_Your instructions_.
From the records below, please repeat exactly the line that has "スーツ2着で2000円引き&配送サービスのクーポンも", the line that has "随后,在学院党委委员、党委组", and every line between them, and nothing else.

_Input data_.
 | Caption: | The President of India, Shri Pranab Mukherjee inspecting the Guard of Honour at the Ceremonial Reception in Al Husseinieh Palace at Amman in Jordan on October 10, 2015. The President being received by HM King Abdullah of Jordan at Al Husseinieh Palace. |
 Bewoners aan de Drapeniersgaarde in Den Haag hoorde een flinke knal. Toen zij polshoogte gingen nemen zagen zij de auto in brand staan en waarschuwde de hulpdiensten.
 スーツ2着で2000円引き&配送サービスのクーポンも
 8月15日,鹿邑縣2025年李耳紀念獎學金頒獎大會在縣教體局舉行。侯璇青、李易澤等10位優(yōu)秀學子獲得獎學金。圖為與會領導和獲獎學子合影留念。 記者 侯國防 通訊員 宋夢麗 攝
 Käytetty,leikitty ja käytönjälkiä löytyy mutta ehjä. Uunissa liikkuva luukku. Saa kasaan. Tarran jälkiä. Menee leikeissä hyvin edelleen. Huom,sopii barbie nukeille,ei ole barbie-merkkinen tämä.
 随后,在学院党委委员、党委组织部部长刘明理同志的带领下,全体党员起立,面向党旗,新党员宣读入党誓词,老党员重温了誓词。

...

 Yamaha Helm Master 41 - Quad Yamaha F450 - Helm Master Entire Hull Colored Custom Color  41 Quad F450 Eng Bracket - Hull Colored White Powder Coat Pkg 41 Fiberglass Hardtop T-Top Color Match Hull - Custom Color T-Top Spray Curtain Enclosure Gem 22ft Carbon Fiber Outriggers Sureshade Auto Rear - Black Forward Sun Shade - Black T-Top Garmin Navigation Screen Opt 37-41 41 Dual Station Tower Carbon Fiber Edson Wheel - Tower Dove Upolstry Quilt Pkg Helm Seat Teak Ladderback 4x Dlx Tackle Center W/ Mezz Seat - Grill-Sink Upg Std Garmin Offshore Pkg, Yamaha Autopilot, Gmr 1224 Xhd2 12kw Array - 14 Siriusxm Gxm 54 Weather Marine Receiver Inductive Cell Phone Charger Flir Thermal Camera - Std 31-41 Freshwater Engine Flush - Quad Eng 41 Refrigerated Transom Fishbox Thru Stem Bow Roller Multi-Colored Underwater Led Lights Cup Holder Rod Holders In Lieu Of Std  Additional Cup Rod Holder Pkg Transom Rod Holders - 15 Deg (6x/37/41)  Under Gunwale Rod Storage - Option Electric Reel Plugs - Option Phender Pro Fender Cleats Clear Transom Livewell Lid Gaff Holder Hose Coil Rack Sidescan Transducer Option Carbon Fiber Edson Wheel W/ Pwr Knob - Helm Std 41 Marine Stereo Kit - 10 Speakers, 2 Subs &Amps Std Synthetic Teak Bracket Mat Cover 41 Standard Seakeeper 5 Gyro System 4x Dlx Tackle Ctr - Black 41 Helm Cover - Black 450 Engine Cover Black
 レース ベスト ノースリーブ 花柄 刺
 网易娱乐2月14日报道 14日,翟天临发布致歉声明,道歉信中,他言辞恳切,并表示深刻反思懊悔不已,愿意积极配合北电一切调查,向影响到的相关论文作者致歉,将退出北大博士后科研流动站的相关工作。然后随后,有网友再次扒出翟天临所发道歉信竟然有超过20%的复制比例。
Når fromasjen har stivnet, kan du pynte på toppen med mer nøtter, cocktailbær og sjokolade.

_Exercise answer_.
 スーツ2着で2000円引き&配送サービスのクーポンも
 8月15日,鹿邑縣2025年李耳紀念獎學金頒獎大會在縣教體局舉行。侯璇青、李易澤等10位優(yōu)秀學子獲得獎學金。圖為與會領導和獲獎學子合影留念。 記者 侯國防 通訊員 宋夢麗 攝
 Käytetty,leikitty ja käytönjälkiä löytyy mutta ehjä. Uunissa liikkuva luukku. Saa kasaan. Tarran jälkiä. Menee leikeissä hyvin edelleen. Huom,sopii barbie nukeille,ei ole barbie-merkkinen tämä.
 随后,在学院党委委员、党委组织部部长刘明理同志的带领下,全体党员起立,面向党旗,新党员宣读入党誓词,老党员重温了誓词。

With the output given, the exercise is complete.